## About this exercise:
Repeat each line of the material below exactly as it appears, minus any pictures.

## Given data:

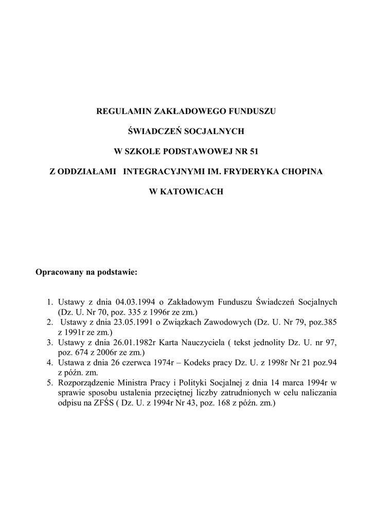 REGULAMIN ZAKŁADOWEGO FUNDUSZU ŚWIADCZEŃ SOCJALNYCH W SZKOLE PODSTAWOWEJ NR 51 Z ODDZIAŁAMI INTEGRACYJNYMI IM. FRYDERYKA CHOPINA W KATOWICACH Opracowany na podstawie: 1. Ustawy z dnia 04.03.1994 o Zakładowym Funduszu Świadczeń Socjalnych (Dz. U. Nr 70, poz. 335 z 1996r ze zm.) 2. Ustawy z dnia 23.05.1991 o Związkach Zawodowych (Dz. U. Nr 79, poz.385 z 1991r ze zm.) 3. Ustawy z dnia 26.01.1982r Karta Nauczyciela ( tekst jednolity Dz. U. nr 97, poz. 674 z 2006r ze zm.) 4. Ustawa z dnia 26 czerwca 1974r – Kodeks pracy Dz. U. z 1998r Nr 21 poz.94 z późn. zm. 5. Rozporządzenie Ministra Pracy i Polityki Socjalnej z dnia 14 marca 1994r w sprawie sposobu ustalenia przeciętnej liczby zatrudnionych w celu naliczania odpisu na ZFŚS ( Dz. U. z 1994r Nr 43, poz. 168 z późn. zm.) I. POSTANOWIENIA OGÓLNE §1 1. Regulamin zakładowego funduszu świadczeń socjalnych, zwanego dalej „Funduszem”, określa zasady przeznaczenia środków na poszczególne cele i rodzaje działalności socjalnej oraz zasady i warunki korzystania z usług i świadczeń finansowych z Funduszu. 2. Ilekroć w regulaminie mowa jest o: a) szkole, rozumie się przez to Szkołę Podstawową nr 51 z Oddziałami Integracyjnymi im. Fryderyka Chopina w Katowicach, b) dyrektorze, rozumie się przez to dyrektora Szkoły Podstawowej nr 51 z Oddziałami Integracyjnymi w Katowicach, c) pracowniku, rozumie się przez to pracowników pedagogicznych i niepedagogicznych zatrudnionych w Szkole Podstawowej nr 51 z Oddziałami Integracyjnymi w Katowicach w pełnym i niepełnym wymiarze czasu pracy, na czas określony lub nieokreślony na podstawie umowy o pracę lub mianowania. 3. Funduszem administruje dyrektor Szkoły Podstawowej nr 51 z Oddziałami Integracyjnymi im. F. Chopina w Katowicach przy pomocy Szkolnej Komisji Socjalnej. 4. Skład, tryb powoływania oraz szczegółowe zadania Komisji Socjalnej określa § 22 niniejszego regulaminu. II. TWORZENIE FUNDUSZU § 2 1. Fundusz tworzy się z corocznego odpisu podstawowego naliczonego w stosunku do przeciętnej liczby zatrudnionych pracowników oraz odpisów dodatkowych na pracowników niepełnosprawnych oraz na objętych opieką socjalną emerytów i rencistów. 2. Jego wysokość dla nauczycieli określa art.53 Karty Nauczyciela, a dla pozostałych pracowników art. 5 ustawy o zakładowym funduszu świadczeń socjalnych. 3. Zwiększa się odpis dla emerytów i rencistów , inwalidów I i II grupy nie będących nauczycielami, zgodnie z ustaleniami ustawy o 6,5%. 4. Środki funduszu mogą być zwiększone o: 1) wpływy z opłat osób i instytucji korzystających z działalności socjalnej, 2) darowizny i zapisy osób fizycznych i prawnych, 3) przychody z tytułu sprzedaży , dzierżawy i likwidacji środków trwałych służących działalności socjalnej szkoły, 4) odsetki od środków funduszu, 5) wpływ z oprocentowania pożyczek udzielonych na cele mieszkaniowe, 6) inne środki określone w przepisach. 5.Środki Funduszu niewykorzystane w danym roku kalendarzowym przechodzą na rok następny. 6. Dopuszcza się możliwość przesunięcia środków pomiędzy poszczególnymi celami świadczeń wymienionymi w § 7 ust. 1 z wyjątkiem pkt 1, w zależności od potrzeb i sytuacji uprawnionych do korzystania z Funduszu w danym roku kalendarzowym III. PRZEZNACZENIE FUNDUSZU §3 1. Zgodnie z art.53 ust. 1a Karty Nauczyciela z odpisu na ZFŚC wypłacane jest nauczycielowi do końca sierpnia każdego roku świadczenie urlopowe w wysokości odpisu podstawowego, o którym mowa w przepisach o Funduszu. Wysokość świadczenia jest ustalana proporcjonalnie do wymiaru czasu pracy i okresu zatrudnienia nauczyciela w danym roku szkolnym. 2. Przyznanie świadczeń oraz wysokość dopłat z Funduszu uzależnia się od sytuacji życiowej , rodzinnej i materialnej osoby uprawnionej do korzystania z Funduszu. 3. Fundusz służy wykorzystaniu zbiorowemu. Niekorzystanie z niego przez uprawnioną osobę nie jest podstawą do żądania jakiegokolwiek ekwiwalentu lub odszkodowania. 4. Dyrektor szkoły w uzgodnieniu ze związkami zawodowymi ustala w terminie do 31 marca każdego roku plan finansowy Funduszu ( załącznik nr 1 ) oraz roczny preliminarz dochodów i wydatków Funduszu ( załącznik nr 2 ). 5. Środki Funduszu nie mogą być wykorzystane na inne , niż zawarte w regulaminie cele , a zobowiązania Funduszu nie mogą przekraczać zgromadzonych na rachunku bankowym środków. 6. W przypadku likwidacji szkoły organ prowadzący szkołę wskaże inną szkołę, w której będzie naliczany odpis na ZFŚC na każdego nauczyciela będącego emerytem lub rencistą zlikwidowanej szkoły. Osoby te korzystają z usług i świadczeń finansowanych z Funduszu na zasadach i warunkach ustalonych w regulaminie obowiązującym w danej szkole. 7. Środkami Funduszu administruje dyrektor szkoły , podejmując decyzję o przyznaniu uprawnionym osobom usług, świadczeń i dopłat. W przypadku ubiegania się o świadczenie przez dyrektora , decyzje podejmuje przewodniczący komisji . Decyzję swoją uzgadnia jak w ust. 4. Dyrektor może zlecić komisji socjalnej lub upoważnionym pracownikom zadanie zbierania , rejestracji i kwalifikowania złożonych wniosków i podań zgodnie z postanowieniami niniejszego Regulaminu. 8. Pracownik , któremu nie przyznano usług, świadczeń i dopłat z Funduszu, może wystąpić do dyrektora szkoły z wnioskiem o ponowne rozpatrzenie jego podania, zwracając uwagę na naruszenie Regulaminu. 9. Wniosek pracownika o ponowne rozpatrzenie powinien zawierać : 1) dane personalne wnioskodawcy, 2) wskazanie usług, świadczeń lub dopłat będących przedmiotem wniosku, 3) wskazanie punktu Regulaminu , który został naruszony. 10. Wniosek winien być złożony w terminie 7 dni od daty podjęcia przez dyrektora decyzji o nieprzyznaniu świadczenia. 11. Dyrektor szkoły w terminie 14 dni rozpatruje wniosek i po zasięgnięciu opinii jak w ust. 4 podejmuje decyzję , powiadamiając
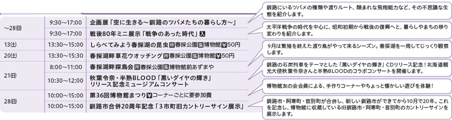 ※特に記載のないものは、参加無料、当日直接会場へ行く催しです。
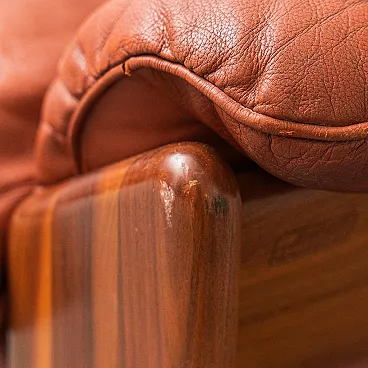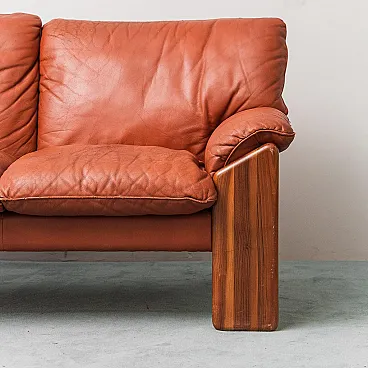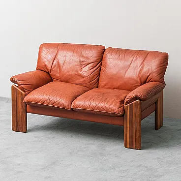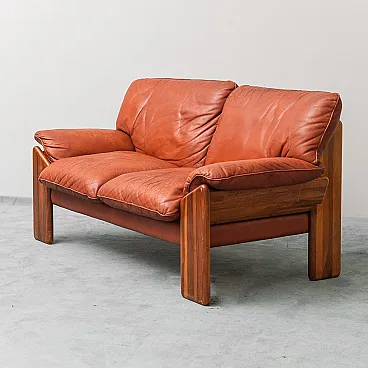 2 -seater sofa in leather and wood Mario Marenco for Mobilgirgi, 70s

## Response to the task:
 REGULAMIN ZAKŁADOWEGO FUNDUSZU ŚWIADCZEŃ SOCJALNYCH W SZKOLE PODSTAWOWEJ NR 51 Z ODDZIAŁAMI INTEGRACYJNYMI IM. FRYDERYKA CHOPINA W KATOWICACH Opracowany na podstawie: 1. Ustawy z dnia 04.03.1994 o Zakładowym Funduszu Świadczeń Socjalnych (Dz. U. Nr 70, poz. 335 z 1996r ze zm.) 2. Ustawy z dnia 23.05.1991 o Związkach Zawodowych (Dz. U. Nr 79, poz.385 z 1991r ze zm.) 3. Ustawy z dnia 26.01.1982r Karta Nauczyciela ( tekst jednolity Dz. U. nr 97, poz. 674 z 2006r ze zm.) 4. Ustawa z dnia 26 czerwca 1974r – Kodeks pracy Dz. U. z 1998r Nr 21 poz.94 z późn. zm. 5. Rozporządzenie Ministra Pracy i Polityki Socjalnej z dnia 14 marca 1994r w sprawie sposobu ustalenia przeciętnej liczby zatrudnionych w celu naliczania odpisu na ZFŚS ( Dz. U. z 1994r Nr 43, poz. 168 z późn. zm.) I. POSTANOWIENIA OGÓLNE §1 1. Regulamin zakładowego funduszu świadczeń socjalnych, zwanego dalej „Funduszem”, określa zasady przeznaczenia środków na poszczególne cele i rodzaje działalności socjalnej oraz zasady i warunki korzystania z usług i świadczeń finansowych z Funduszu. 2. Ilekroć w regulaminie mowa jest o: a) szkole, rozumie się przez to Szkołę Podstawową nr 51 z Oddziałami Integracyjnymi im. Fryderyka Chopina w Katowicach, b) dyrektorze, rozumie się przez to dyrektora Szkoły Podstawowej nr 51 z Oddziałami Integracyjnymi w Katowicach, c) pracowniku, rozumie się przez to pracowników pedagogicznych i niepedagogicznych zatrudnionych w Szkole Podstawowej nr 51 z Oddziałami Integracyjnymi w Katowicach w pełnym i niepełnym wymiarze czasu pracy, na czas określony lub nieokreślony na podstawie umowy o pracę lub mianowania. 3. Funduszem administruje dyrektor Szkoły Podstawowej nr 51 z Oddziałami Integracyjnymi im. F. Chopina w Katowicach przy pomocy Szkolnej Komisji Socjalnej. 4. Skład, tryb powoływania oraz szczegółowe zadania Komisji Socjalnej określa § 22 niniejszego regulaminu. II. TWORZENIE FUNDUSZU § 2 1. Fundusz tworzy się z corocznego odpisu podstawowego naliczonego w stosunku do przeciętnej liczby zatrudnionych pracowników oraz odpisów dodatkowych na pracowników niepełnosprawnych oraz na objętych opieką socjalną emerytów i rencistów. 2. Jego wysokość dla nauczycieli określa art.53 Karty Nauczyciela, a dla pozostałych pracowników art. 5 ustawy o zakładowym funduszu świadczeń socjalnych. 3. Zwiększa się odpis dla emerytów i rencistów , inwalidów I i II grupy nie będących nauczycielami, zgodnie z ustaleniami ustawy o 6,5%. 4. Środki funduszu mogą być zwiększone o: 1) wpływy z opłat osób i instytucji korzystających z działalności socjalnej, 2) darowizny i zapisy osób fizycznych i prawnych, 3) przychody z tytułu sprzedaży , dzierżawy i likwidacji środków trwałych służących działalności socjalnej szkoły, 4) odsetki od środków funduszu, 5) wpływ z oprocentowania pożyczek udzielonych na cele mieszkaniowe, 6) inne środki określone w przepisach. 5.Środki Funduszu niewykorzystane w danym roku kalendarzowym przechodzą na rok następny. 6. Dopuszcza się możliwość przesunięcia środków pomiędzy poszczególnymi celami świadczeń wymienionymi w § 7 ust. 1 z wyjątkiem pkt 1, w zależności od potrzeb i sytuacji uprawnionych do korzystania z Funduszu w danym roku kalendarzowym III. PRZEZNACZENIE FUNDUSZU §3 1. Zgodnie z art.53 ust. 1a Karty Nauczyciela z odpisu na ZFŚC wypłacane jest nauczycielowi do końca sierpnia każdego roku świadczenie urlopowe w wysokości odpisu podstawowego, o którym mowa w przepisach o Funduszu. Wysokość świadczenia jest ustalana proporcjonalnie do wymiaru czasu pracy i okresu zatrudnienia nauczyciela w danym roku szkolnym. 2. Przyznanie świadczeń oraz wysokość dopłat z Funduszu uzależnia się od sytuacji życiowej , rodzinnej i materialnej osoby uprawnionej do korzystania z Funduszu. 3. Fundusz służy wykorzystaniu zbiorowemu. Niekorzystanie z niego przez uprawnioną osobę nie jest podstawą do żądania jakiegokolwiek ekwiwalentu lub odszkodowania. 4. Dyrektor szkoły w uzgodnieniu ze związkami zawodowymi ustala w terminie do 31 marca każdego roku plan finansowy Funduszu ( załącznik nr 1 ) oraz roczny preliminarz dochodów i wydatków Funduszu ( załącznik nr 2 ). 5. Środki Funduszu nie mogą być wykorzystane na inne , niż zawarte w regulaminie cele , a zobowiązania Funduszu nie mogą przekraczać zgromadzonych na rachunku bankowym środków. 6. W przypadku likwidacji szkoły organ prowadzący szkołę wskaże inną szkołę, w której będzie naliczany odpis na ZFŚC na każdego nauczyciela będącego emerytem lub rencistą zlikwidowanej szkoły. Osoby te korzystają z usług i świadczeń finansowanych z Funduszu na zasadach i warunkach ustalonych w regulaminie obowiązującym w danej szkole. 7. Środkami Funduszu administruje dyrektor szkoły , podejmując decyzję o przyznaniu uprawnionym osobom usług, świadczeń i dopłat. W przypadku ubiegania się o świadczenie przez dyrektora , decyzje podejmuje przewodniczący komisji . Decyzję swoją uzgadnia jak w ust. 4. Dyrektor może zlecić komisji socjalnej lub upoważnionym pracownikom zadanie zbierania , rejestracji i kwalifikowania złożonych wniosków i podań zgodnie z postanowieniami niniejszego Regulaminu. 8. Pracownik , któremu nie przyznano usług, świadczeń i dopłat z Funduszu, może wystąpić do dyrektora szkoły z wnioskiem o ponowne rozpatrzenie jego podania, zwracając uwagę na naruszenie Regulaminu. 9. Wniosek pracownika o ponowne rozpatrzenie powinien zawierać : 1) dane personalne wnioskodawcy, 2) wskazanie usług, świadczeń lub dopłat będących przedmiotem wniosku, 3) wskazanie punktu Regulaminu , który został naruszony. 10. Wniosek winien być złożony w terminie 7 dni od daty podjęcia przez dyrektora decyzji o nieprzyznaniu świadczenia. 11. Dyrektor szkoły w terminie 14 dni rozpatruje wniosek i po zasięgnięciu opinii jak w ust. 4 podejmuje decyzję , powiadamiając
 ※特に記載のないものは、参加無料、当日直接会場へ行く催しです。
 2 -seater sofa in leather and wood Mario Marenco for Mobilgirgi, 70s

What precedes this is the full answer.